▶ [DATASET SECTION]:

* * * * * * * * *

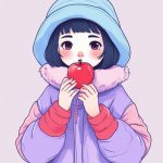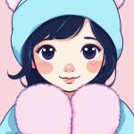 A lighthearted simple doodle illustration of a cute Japanese girl dressed in caramel-toned winter fashion. The style features soft rounded lines and minimal details. It uses a warmer variation of the pastel color palette, incorporating gentle shades of pink lavender and baby blue. She has an innocent playful expression, achieving a charming aesthetic.
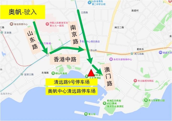 驶入1:香港东路西段→海游路→东海东路→停车场
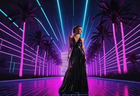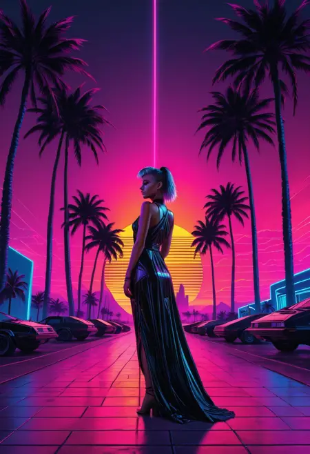 此 LoRA 可将任何场景转变为具有风格化的 Synthwave 风格世界,融合复古未来主义的霓虹美学与超现实环境。它实施完整的“世界形态”转换,改变光照、氛围、景观及道具,呈现出梦幻而怀旧的 80 年代风格愿景。
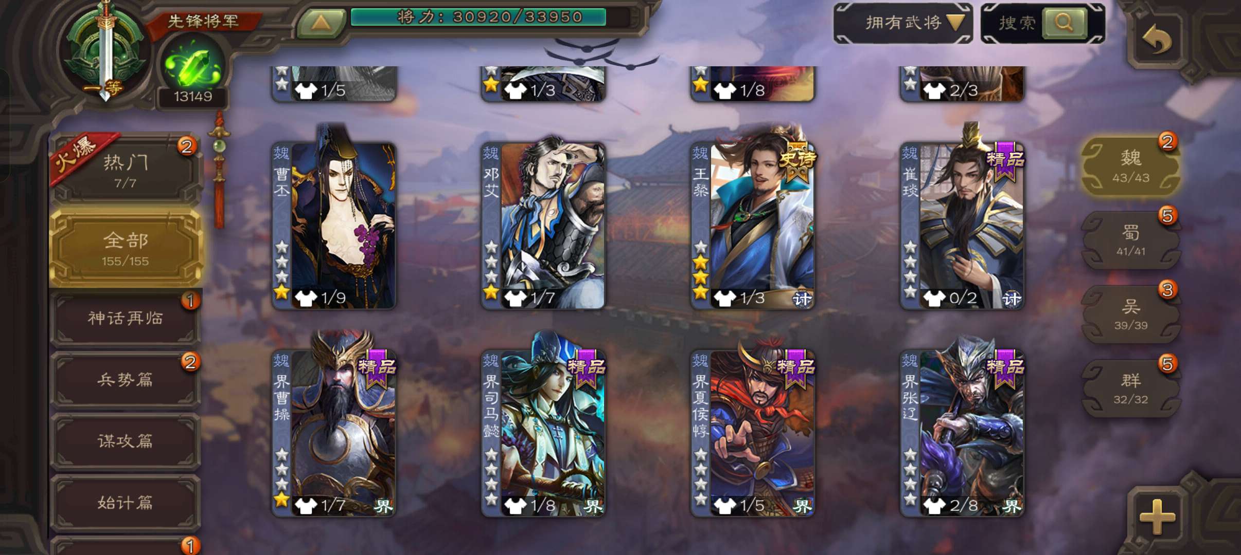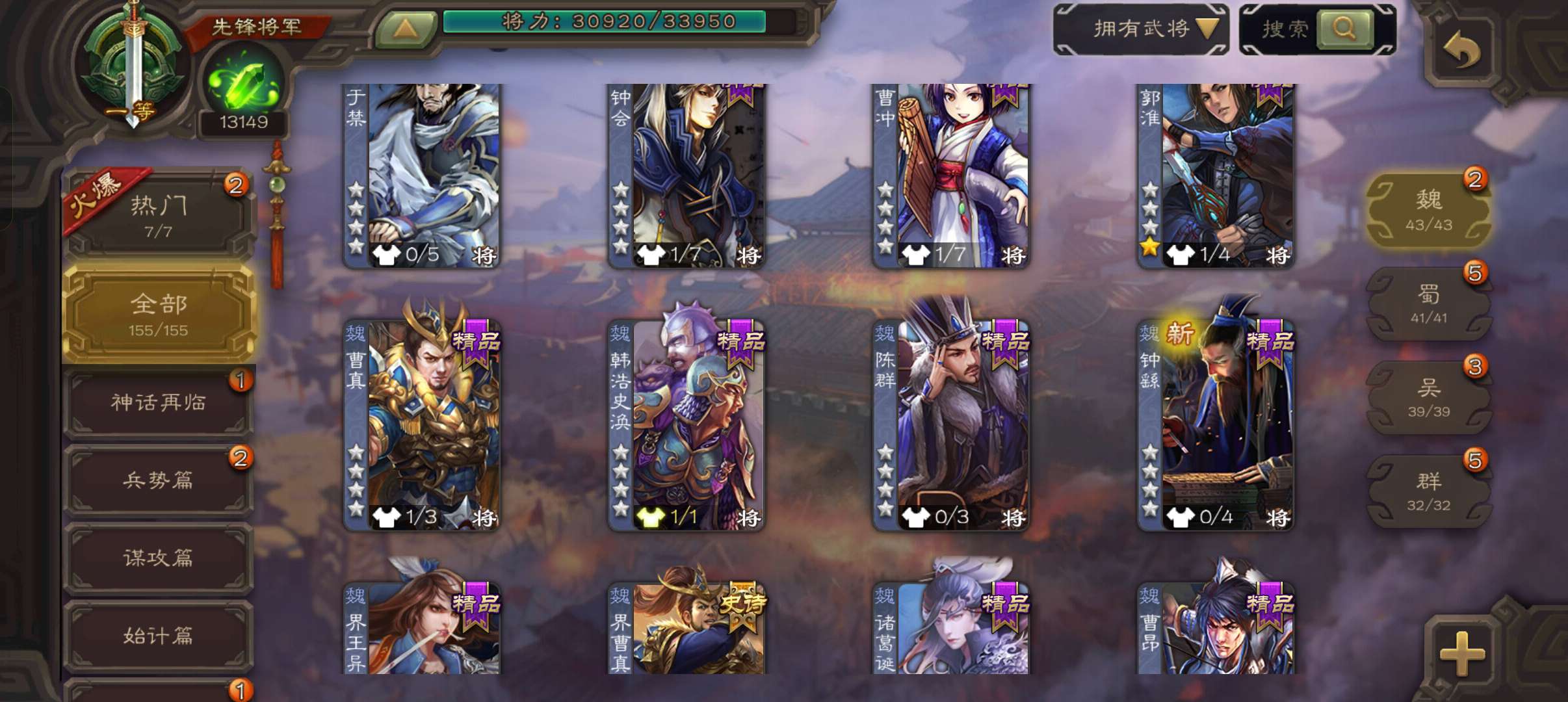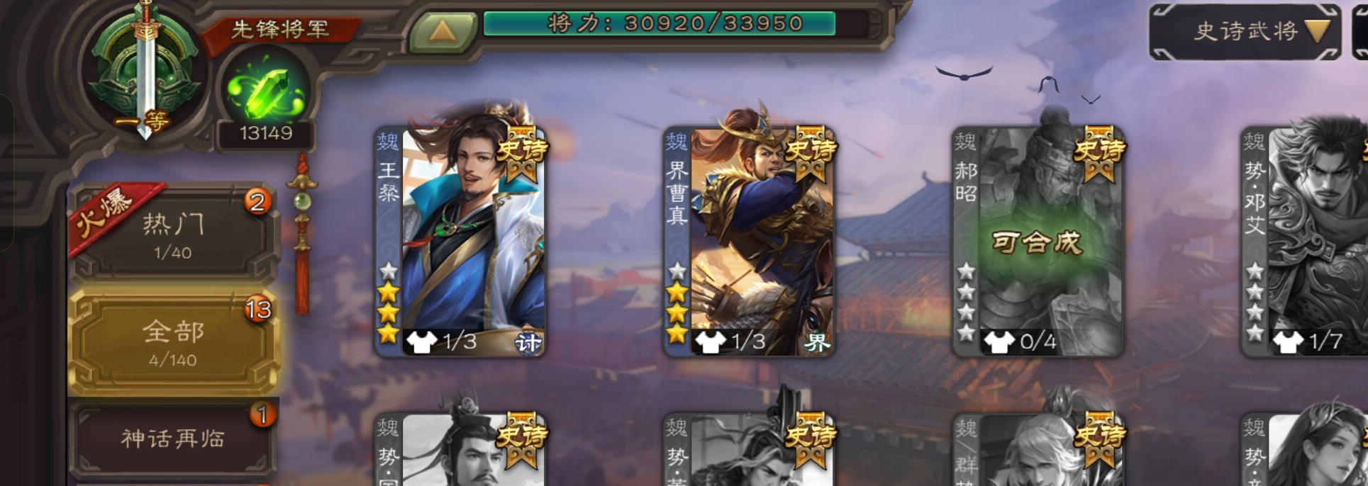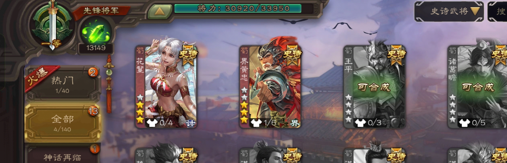 史诗武将数量:

* * * * * * * * *

▶ [TASK OBJECTIVE]: When you repeat the listing, keep it exact and leave the pictures behind.

▶ [ANSWER BELOW]:
 A lighthearted simple doodle illustration of a cute Japanese girl dressed in caramel-toned winter fashion. The style features soft rounded lines and minimal details. It uses a warmer variation of the pastel color palette, incorporating gentle shades of pink lavender and baby blue. She has an innocent playful expression, achieving a charming aesthetic.
 驶入1:香港东路西段→海游路→东海东路→停车场
 此 LoRA 可将任何场景转变为具有风格化的 Synthwave 风格世界,融合复古未来主义的霓虹美学与超现实环境。它实施完整的“世界形态”转换,改变光照、氛围、景观及道具,呈现出梦幻而怀旧的 80 年代风格愿景。
 史诗武将数量:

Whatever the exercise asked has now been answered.